A job answering phones was suggested instead.
Like Scott, Nucci wanted to cook, not take messages. With the assistance of
an area non-profit group, Nucci was hired to work in the kitchen of another
hotel in Washington. But as it turned out, the hotel didn't hire Nucci to
cook either. "They sold me a bill of goods," says Nucci. "I
was chopping fruit."
Nucci stayed for three and a half years, and when it became clear that he
would be chopping fruit indefinitely, he took the only option he had left.
Like Scott, he opened his own restaurant -- The Willows -- a neighborhood
spot with an eclectic menu on Solomon's Island, MD.
"I knew no one would hire me in a wheelchair as executive chef of a major
operation," he says flatly. "I had a dream to own my own place,
so I bought my own restaurant."
Why do
chefs like Nucci have such an obvious mistrust of the "opportunities"
available to them in the industry? Perhaps it's because, while they believe
no restaurateur will take a chance on them, restaurateurs are fearful of taking
that chance. Indeed, the whole issue is uncharted territory.
For example, whether the Americans with Disabilities Act would require a restaurant
to hire and accommodate a paraplegic chef is an issue that has not yet been
litigated, according to attorney Judith Stoll, who specializes in labor practices.
She says that in a case where a chef is paralyzed, but otherwise qualified
for the job, the legal issue comes down to whether it is reasonable to require
the restaurant to accommodate the individual's disability -- with ramps, specialized
wheelchairs, wider aisles, or other such changes.
"The question is whether an individual's accommodation is reasonable
for the restaurant, or does it impose an undue burden to the employer."
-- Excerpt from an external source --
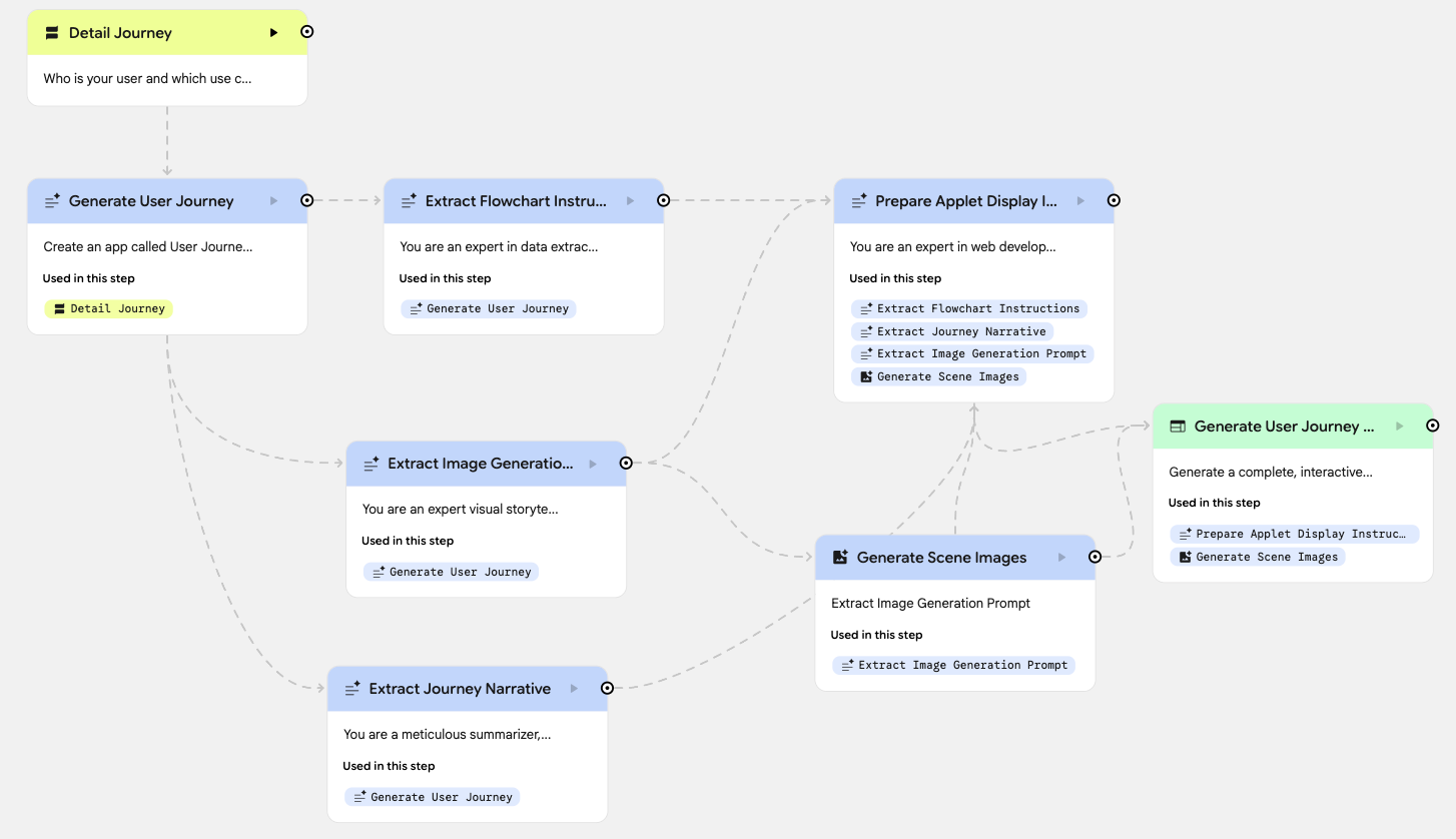 The workflow that was generated is a bit more complicated because Opal realized it needs several different roles to achieve our goals, that of a ‘visual storyteller’, ‘meticulous summarizer’ among others, in order to generate the final user journey.

The experiences of both Scott and Nucci demonstrate that modifications are
sometimes necessary, sometimes not. A widened aisle like the kind in Scott's
kitchen does take up area that would otherwise be revenue-generating. Nucci
was fortunate enough to buy a restaurant whose kitchen was already spacious
enough for him to maneuver within. And a chair lift like the kind Scott uses
is an expensive piece of equipment that requires custom installation.
Still, some encourage operators not to let the idea of accommodation alone
dissuade them. "If an applicant meets the requirements of the job, a
restaurateur should hire that person," says Steve Grover, VP of health
and safety, regulatory affairs at the National Restaurant Association. "We're
not suggesting a blind man fly a plane here. What we are talking about is
not letting disability stand in the way of hiring the right employee for the
right job."
Grover believes that the price of accommodation is usually offset by the retention
rate and loyalty of disabled employees. "When you are talking about hiring
and retaining a good employee, that cost is nothing. Statistics show that
people with special needs are sometimes the most loyal, so what an accommodation
costs you up front you will make up on the back end," he claims.
Scott would hardly argue with that. "I just want to make good food and
be taken seriously for my culinary ability," he says. "I live with
the reality that I may be in this chair for life. Everybody has their issues,
and this one is mine. Even though it may sound cliche, it's true -- there
is a world of opportunity out there, and you just have to grab it."